▶ _SUPPLIED DATA_:
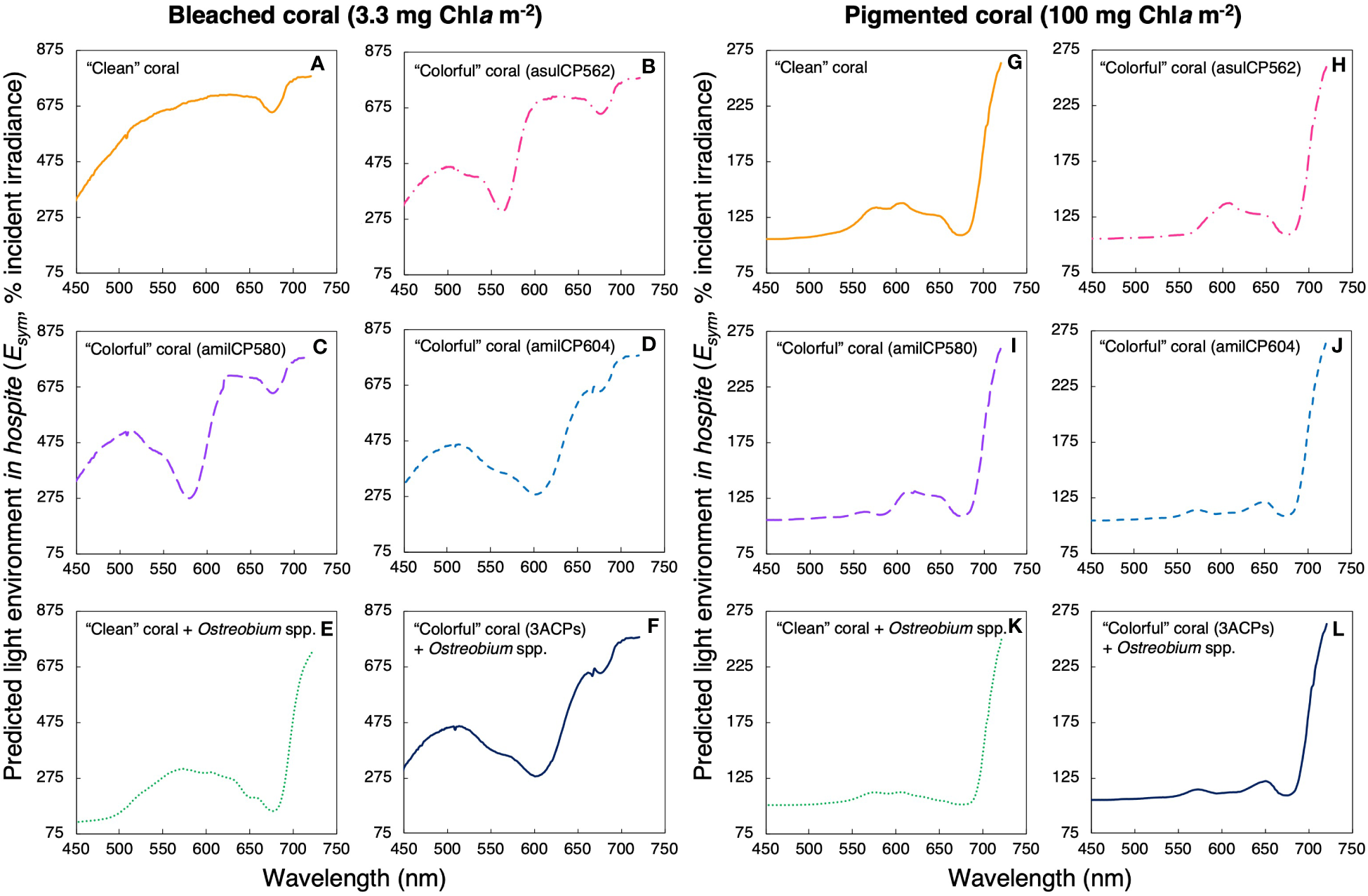 Figure 5 Predicted light environment in hospite for a bleached coral (A-F, 3.3 mg Chla m-2) and a pigmented coral (G-L, 100 mg Chla m-2) under different scenarios: a coral with a white skeleton (yellow solid line, A, G), a coral with the chromoprotein asulCP562 upregulated in its tissue (pink dotted line, B, H), a coral with the chromoprotein amilCP580 upregulated in its tissue (purple dashed line, C, I), a coral with the chromoprotein amilCP604 upregulated in its tissue (clear blue dotted line, D, J), a coral with an Ostreobium bloom in the skeletal surface (green dotted line, E, K), and, a coral with the three chromoproteins upregulated in its tissue and an Ostreobium bloom in the skeletal surface (navy blue solid line, F, L).
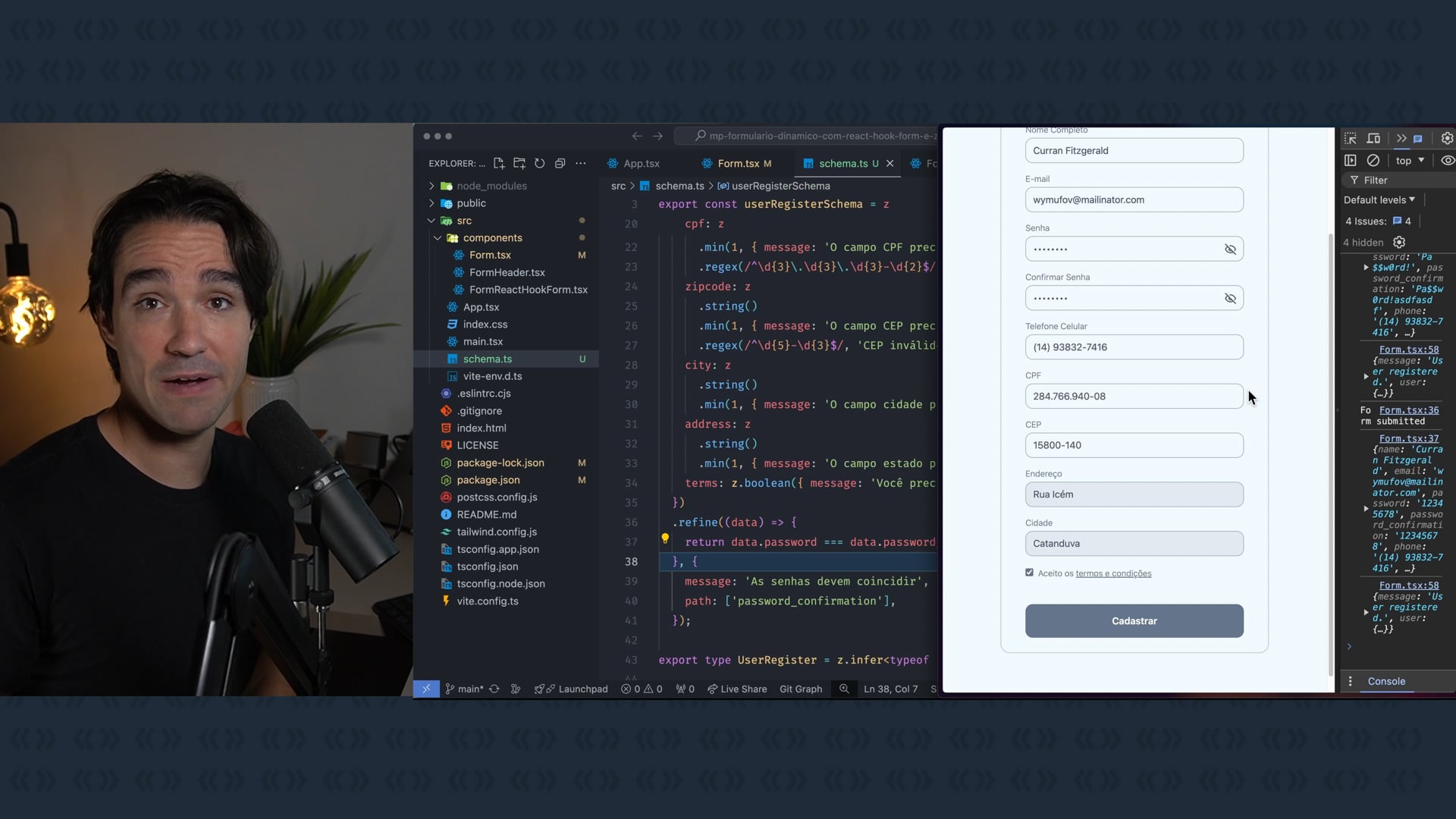 Vamos adicionar o pacote `react-hot-toast` para mostrar mensagens de sucesso e erro no cadastro. Integramos o `Toaster` ao `main.tsx` e configuramos os toasts para feedback ao usuário. Além disso, vamos limpar o formulário automaticamente após cadastro bem-sucedido.
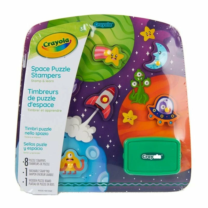 Travel to a galaxy where wooden puzzles reach new dimensions of play, with the Crayola Space Puzzle Stampers! At its surface this handcrafted wooden puzzle is a durable, adorable puzzle for toddlers, but flip each puzzle piece over to find a matching stamp. Using the included Crayola Washable Stamp Pad, toddlers will create their own space themed artwork with aliens, spaceships, planets, and more. This toddler puzzle is ideal for ages 3 & up, and would make a great gift for toddler boys and girls.
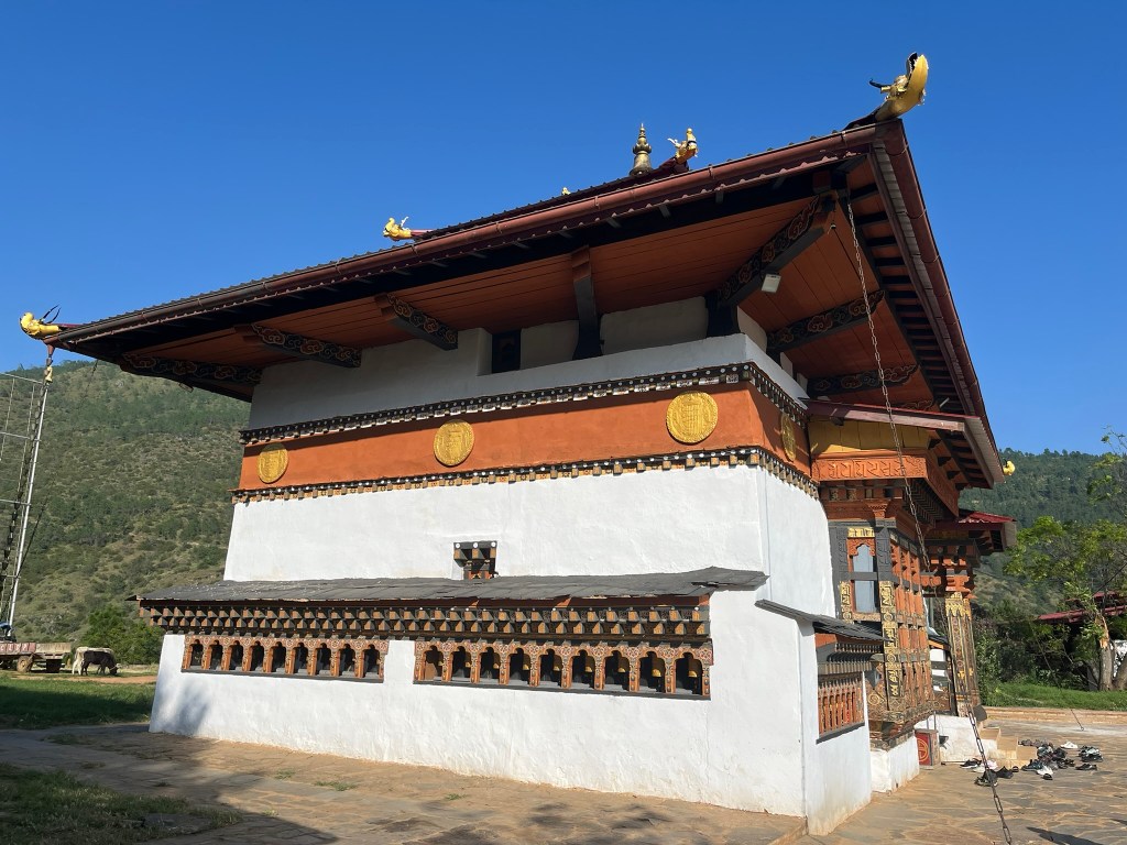 Just outside of Thimphu lies Simtokha Dzong, one of the oldest surviving fortress-monasteries in Bhutan. It is small in size when compared to other dzongs, but historically extremely important. It was the first dzong built by the Tibetan lama who unified Bhutan into a single nation in the 17th century and established both the administration and spiritual foundation of his rule. According to legend the site was chosen because it was believed to be haunted by demons who troubled travellers in the valley. The Tibetan lama subdued the demons and built the dzong to imprison its spirit beneath the structure, ensuring peace for the land. The dzong guarded the entrance to Thimphu valley and controlled the trade route between Paro and Thimphu. It also served as a monastic school, as it still does today.

▶ _YOUR INSTRUCTIONS_: Please repeat every line from the listing above exactly as it appears. Drop the pictures.

▶ _ANSWER SECTION_:
 Figure 5 Predicted light environment in hospite for a bleached coral (A-F, 3.3 mg Chla m-2) and a pigmented coral (G-L, 100 mg Chla m-2) under different scenarios: a coral with a white skeleton (yellow solid line, A, G), a coral with the chromoprotein asulCP562 upregulated in its tissue (pink dotted line, B, H), a coral with the chromoprotein amilCP580 upregulated in its tissue (purple dashed line, C, I), a coral with the chromoprotein amilCP604 upregulated in its tissue (clear blue dotted line, D, J), a coral with an Ostreobium bloom in the skeletal surface (green dotted line, E, K), and, a coral with the three chromoproteins upregulated in its tissue and an Ostreobium bloom in the skeletal surface (navy blue solid line, F, L).
 Vamos adicionar o pacote `react-hot-toast` para mostrar mensagens de sucesso e erro no cadastro. Integramos o `Toaster` ao `main.tsx` e configuramos os toasts para feedback ao usuário. Além disso, vamos limpar o formulário automaticamente após cadastro bem-sucedido.
 Travel to a galaxy where wooden puzzles reach new dimensions of play, with the Crayola Space Puzzle Stampers! At its surface this handcrafted wooden puzzle is a durable, adorable puzzle for toddlers, but flip each puzzle piece over to find a matching stamp. Using the included Crayola Washable Stamp Pad, toddlers will create their own space themed artwork with aliens, spaceships, planets, and more. This toddler puzzle is ideal for ages 3 & up, and would make a great gift for toddler boys and girls.
 Just outside of Thimphu lies Simtokha Dzong, one of the oldest surviving fortress-monasteries in Bhutan. It is small in size when compared to other dzongs, but historically extremely important. It was the first dzong built by the Tibetan lama who unified Bhutan into a single nation in the 17th century and established both the administration and spiritual foundation of his rule. According to legend the site was chosen because it was believed to be haunted by demons who troubled travellers in the valley. The Tibetan lama subdued the demons and built the dzong to imprison its spirit beneath the structure, ensuring peace for the land. The dzong guarded the entrance to Thimphu valley and controlled the trade route between Paro and Thimphu. It also served as a monastic school, as it still does today.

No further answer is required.